I agree, but there are a lot of footguns with RMQ. A great example of one is tha...

zbentley · 2024-09-18T20:19:42 1726690782

That was true, but the more recent Quorum queues provide more traditional scalability tradeoffs (you can set a ceiling on the number of synchronous replication hops that a published, replicated message goes through): https://www.rabbitmq.com/docs/quorum-queues

nurettin · 2024-09-18T21:08:42 1726693722

The most common elephant foot gun in the room is buggy processes letting queues grow.

RMQ immediately slows down (due to mnesia causing delays) and processes start dropping messages despite having system resources to grow.

pas · 2024-09-19T08:01:39 1726732899

can you elaborate on the details? I have some memories about running OpenStack where Rabbit "was slow", but we never figured out why. mnesia is the storage layer?

nurettin · 2024-09-19T08:32:15 1726734735

Yes, it was using mnesia as the storage layer, and if I had a few dozen queues with a few hundred messages each, it caused timeouts in some clients (celery/kombu is an example).
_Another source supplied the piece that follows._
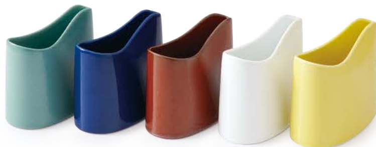
ポケット しゃもじたて 〈12.5×6.5×11.5cm〉 グリーンマット・紺青・鉄赤・ホワイト・黄マット 各 ¥2,420 (税抜価格 ¥2,200)

※一般家庭用の約φ9cmの玉杓子を基準にしています。 大きいもの、偏形型、深型のもの、レードルなどは入らない場合があります。

I decided to add expiry policies to each queue so that the system cleans itself from stale messages and that fixed all the message dropping issues.

4.0 Changelogs state that they are switching to a new k/v storage (switching from experimental to default)

pas · 2024-09-19T09:02:13 1726736533

Thanks for the details!

Yep, similar symptoms. (OpenStack's services are also written in Python, or at least were back then, so probably similar to Celery.) We had regular problems with RMQ restarting. (Unfortunately I can't recall if it was for OOM or just some BEAM timeout.)

A few hundred messages in a few dozen queues seem ... inconsequential. I mean whatever on-disk / in-memory data structure mnesia has should be able to handle ~100K stale messages ... but, well, of course there's a reason they switched to a new storage component :)

rhodin · 2024-09-19T17:15:04 1726766104

Mnesia is _not_ the storage layer for messages (except for delayed messages).

Mnesia stores vhosts, users, permissions, queue definitions and more. This is being transitioned to Khepri, which improves a lot of things (maybe most importantly netsplits) but not directly message speeds.